ASSIGNED TASK
Exclude every picture. Output verbatim the lines from the one containing "Russian oil and" to the end of the data.

SUPPLIED ENTRIES

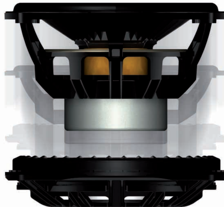
KEF's patented ultra-slim bass driver
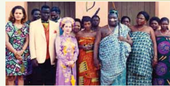
King Agboli-Agbo Dedjani and the Prince of Benin welcomed Supreme Master Ching Hai in Abomey, Benin (1995)
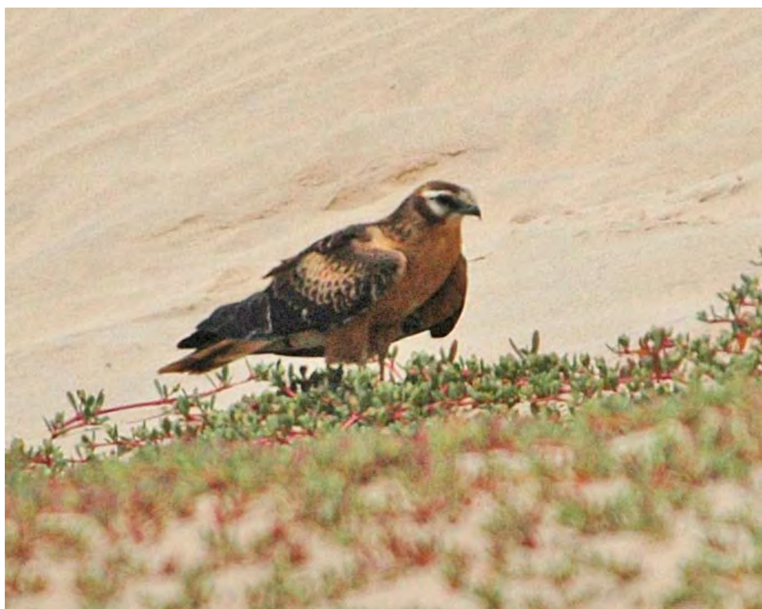
Fig. 16. Circus pygargus , Santa Maria, Sal, 16 September 2007 (Robin Brace)
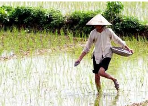
illustration image source (google images)
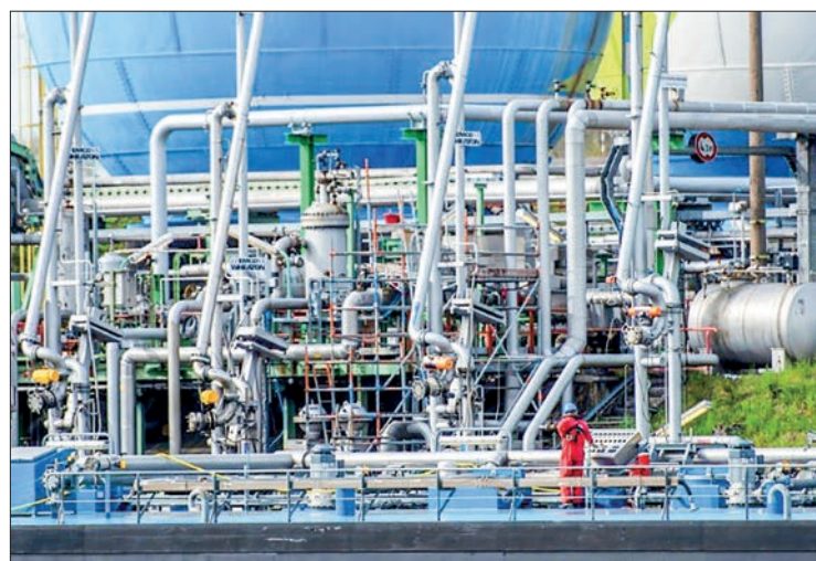
Russian oil and gas sales to the EU account for a far higher amount of revenue: between a quarter of a billion to a billion euros per day, per different estimates.

THE EU is working on broadening sanctions on Russia to include oil and gas embargoes but such measures would take "several months", European officials told AFP on Friday.
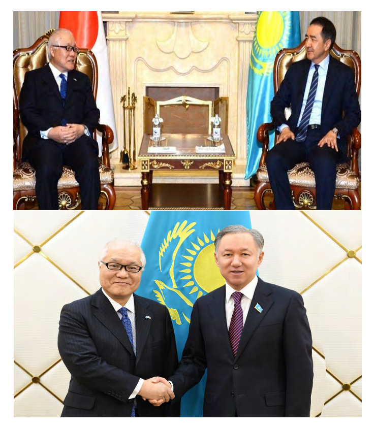
Above: Hon. Professor Keizo Takemi, AFPPD Chairperson and MP, Japan, met with H.E. Prime Minister. Bakhytzhan Sagintayev, during a consultation visit in the Republic of Kazakhstan. Below: Hon. Professor Takemi also met with Hon. Chairman Nigmatulin

Nurlan of the Mazhilis Parliament (lower house) during the same visit in Kazakhstan.
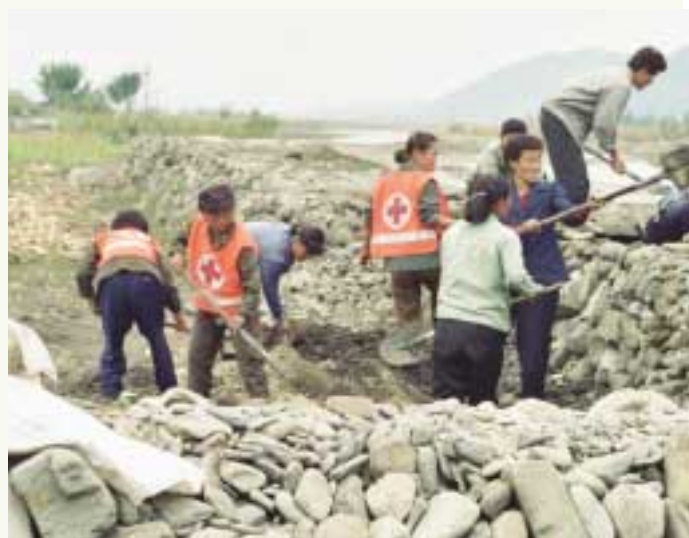
Building resilience: community working together to reduce flood risk North Korea

There are many entry points whereby bilateral donors can promote disaster risk reduction in international and national development agendas.
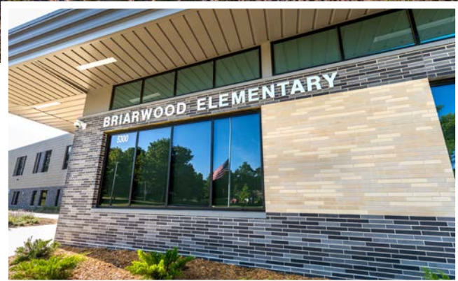
Two 3-way Norman size brick blends
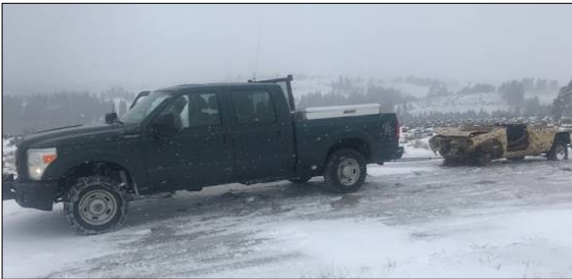
1976 Datsun pickup being pulled to a tow truck access point on Beacon Ridge

SOLVED EXERCISE
Russian oil and gas sales to the EU account for a far higher amount of revenue: between a quarter of a billion to a billion euros per day, per different estimates.

THE EU is working on broadening sanctions on Russia to include oil and gas embargoes but such measures would take "several months", European officials told AFP on Friday.
Above: Hon. Professor Keizo Takemi, AFPPD Chairperson and MP, Japan, met with H.E. Prime Minister. Bakhytzhan Sagintayev, during a consultation visit in the Republic of Kazakhstan. Below: Hon. Professor Takemi also met with Hon. Chairman Nigmatulin

Nurlan of the Mazhilis Parliament (lower house) during the same visit in Kazakhstan.
Building resilience: community working together to reduce flood risk North Korea

There are many entry points whereby bilateral donors can promote disaster risk reduction in international and national development agendas.
Two 3-way Norman size brick blends
1976 Datsun pickup being pulled to a tow truck access point on Beacon Ridge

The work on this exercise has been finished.